The Forest Investment Program (FIP) will meet for the first time on October 29 in Washington to kickstart the program and discuss the criteria for selecting countries or regions of the world that could benefit most from the effort.
Brazil, the Democratic Republic of Congo, India, Morocco, Nepal, and Romania will join donor nations Australia, Denmark, Norway, Britain and the United States, who have jointly pledged some 350 million dollars to fund the project.
The FIP is among the first of a new generation of partnerships between developing and developed countries working to combat the threat of climate change through forest management, the World Bank said.
"This new program will provide much-needed upfront investment to developing countries and forest-dependent communities to help them prepare for and benefit from financial flows for the sustainable management of forests," said Eduardo Saboia, who represented Brazil in earlier meetings aimed at designing the FIP.
Global deforestation, which is advancing at a rate of five percent per decade, is responsible for 20 percent of all the annual carbon dioxide emissions.
The 20 percent figure is roughly equivalent to the total annual emissions of either the United States or China, and surpasses the total yearly emissions from every car, truck, plane, ship and train on Earth, according to estimates provided by the United Nations.
Brazilian President Luiz Inacio Lula da Silva vowed on October 13 to engage with other leaders at the upcoming major climate summit in Copenhagen in the hope of reducing deforestation of the Amazon by 80 percent by 2020.

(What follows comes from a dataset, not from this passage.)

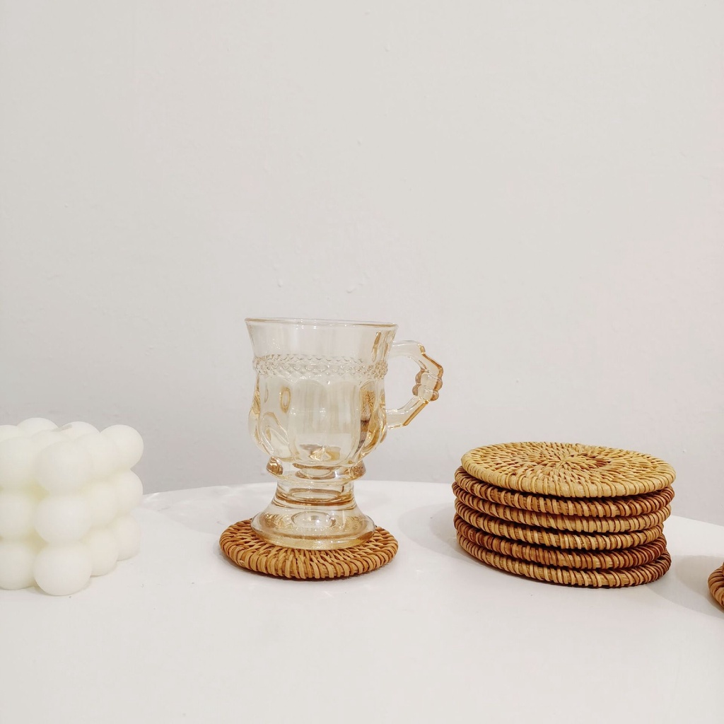 Miếng lót cốc lót ly lót nồi cách nhiệt bằng mây tre trang trí bàn ăn phòng bếp chụp ảnh food decor xinh xắn

The Amazon, the planet's largest rainforest, loses 12,000 square kilometers (4,600 square miles) each year to deforestation.
Douglas Alexander, British Secretary of State for International Development, said Tuesday in a statement released by the World Bank that deforestation "is a global tragedy, destroying the homes and livelihoods of some of the world's poorest people.
"Rampant, large scale deforestation also produces more carbon emissions than all the world's planes, ships and cars combined," he noted, urging "decisive action" to counter the crisis.